=== Description of the task ===
Go through the entries below line by line and tally those holding "with"; write only the tally.

=== Extracted data ===
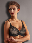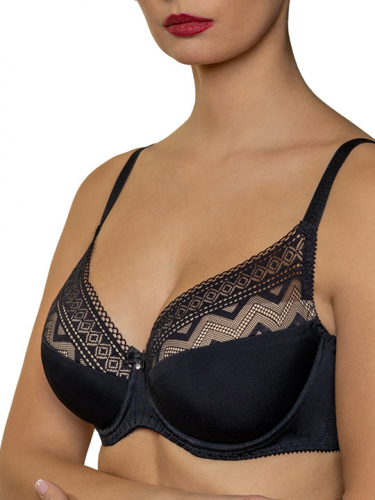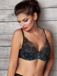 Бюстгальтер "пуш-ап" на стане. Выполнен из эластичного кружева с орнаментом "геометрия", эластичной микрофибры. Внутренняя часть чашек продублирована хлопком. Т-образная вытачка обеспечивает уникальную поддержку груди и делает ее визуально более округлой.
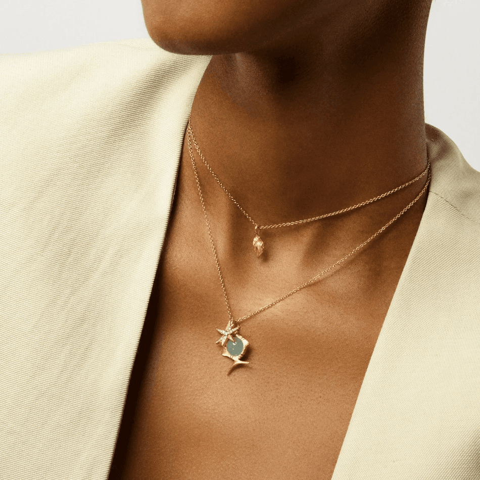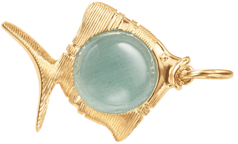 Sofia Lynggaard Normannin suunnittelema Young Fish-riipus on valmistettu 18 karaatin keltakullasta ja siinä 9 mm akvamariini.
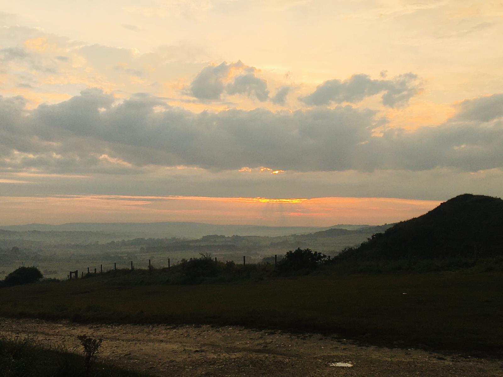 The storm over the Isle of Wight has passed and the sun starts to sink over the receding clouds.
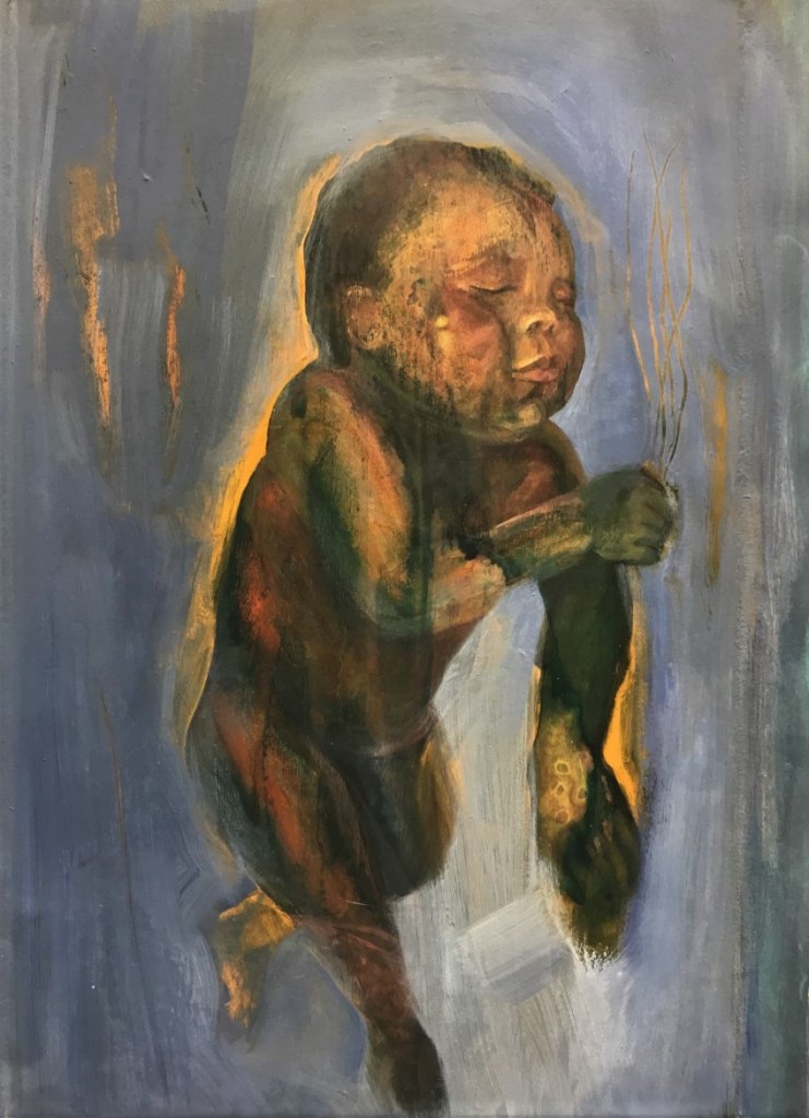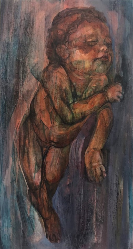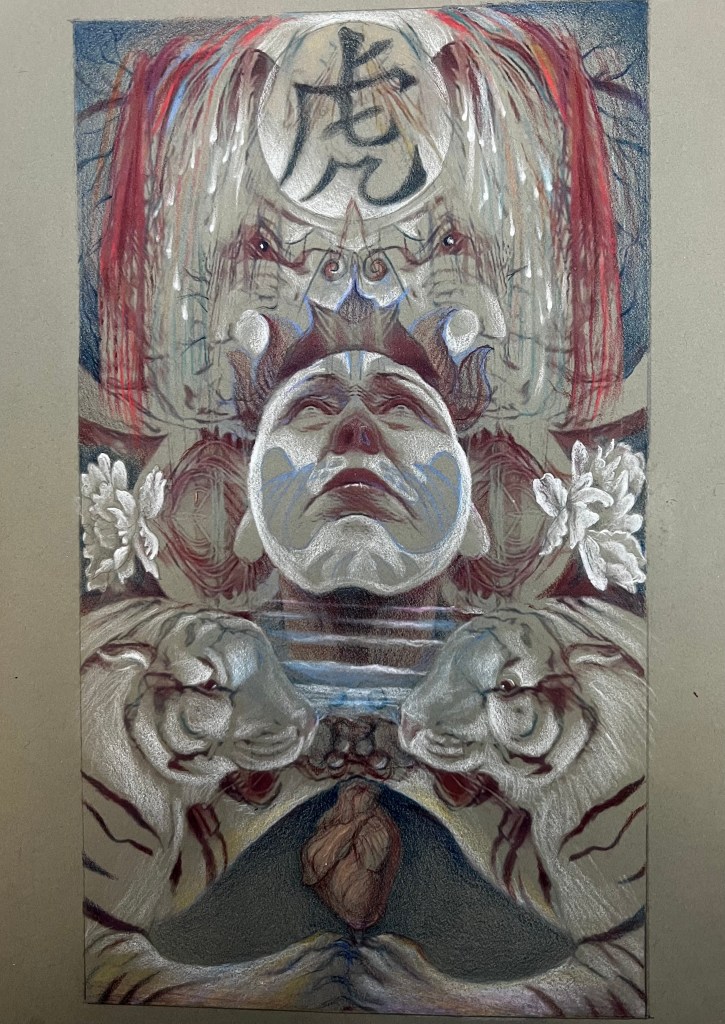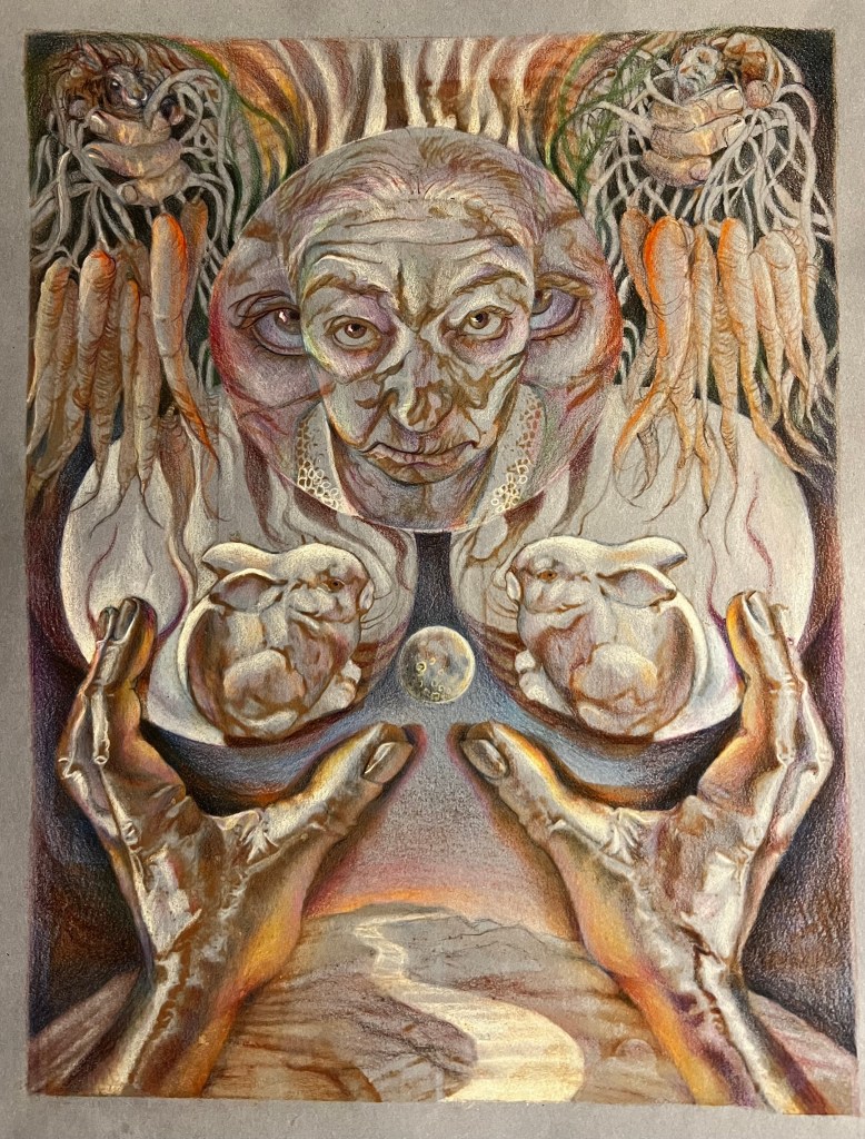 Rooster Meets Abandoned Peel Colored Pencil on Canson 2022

---

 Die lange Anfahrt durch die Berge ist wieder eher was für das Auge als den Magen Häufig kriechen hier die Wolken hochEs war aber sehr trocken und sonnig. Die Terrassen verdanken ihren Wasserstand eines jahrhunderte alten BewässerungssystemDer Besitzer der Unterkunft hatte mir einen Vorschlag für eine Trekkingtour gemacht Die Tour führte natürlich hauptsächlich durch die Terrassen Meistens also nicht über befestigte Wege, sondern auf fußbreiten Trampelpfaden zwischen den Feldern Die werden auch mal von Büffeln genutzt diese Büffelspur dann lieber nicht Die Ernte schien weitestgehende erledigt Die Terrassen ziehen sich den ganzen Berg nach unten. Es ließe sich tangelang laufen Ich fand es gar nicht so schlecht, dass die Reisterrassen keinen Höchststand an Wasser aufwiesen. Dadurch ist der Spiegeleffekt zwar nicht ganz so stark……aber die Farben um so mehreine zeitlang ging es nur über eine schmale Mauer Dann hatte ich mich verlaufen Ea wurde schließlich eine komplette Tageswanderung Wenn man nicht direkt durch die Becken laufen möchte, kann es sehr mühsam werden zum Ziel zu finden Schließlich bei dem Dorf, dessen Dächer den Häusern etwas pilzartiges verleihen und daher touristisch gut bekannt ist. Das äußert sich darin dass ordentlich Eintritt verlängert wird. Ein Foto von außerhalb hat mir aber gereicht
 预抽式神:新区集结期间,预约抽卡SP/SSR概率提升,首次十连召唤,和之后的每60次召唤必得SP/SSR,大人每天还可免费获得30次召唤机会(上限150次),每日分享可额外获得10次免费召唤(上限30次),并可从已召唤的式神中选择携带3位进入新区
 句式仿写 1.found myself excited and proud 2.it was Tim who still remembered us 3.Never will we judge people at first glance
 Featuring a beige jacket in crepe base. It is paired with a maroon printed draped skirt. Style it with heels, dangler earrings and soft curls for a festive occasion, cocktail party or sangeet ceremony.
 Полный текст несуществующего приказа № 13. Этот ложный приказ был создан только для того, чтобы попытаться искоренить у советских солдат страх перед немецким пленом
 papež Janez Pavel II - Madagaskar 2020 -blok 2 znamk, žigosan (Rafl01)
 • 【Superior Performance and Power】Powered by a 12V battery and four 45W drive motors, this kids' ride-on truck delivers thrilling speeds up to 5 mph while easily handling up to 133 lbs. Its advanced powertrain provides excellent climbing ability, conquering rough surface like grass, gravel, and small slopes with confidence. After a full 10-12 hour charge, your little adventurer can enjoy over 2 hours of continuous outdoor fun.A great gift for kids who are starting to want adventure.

=== Expected output ===
2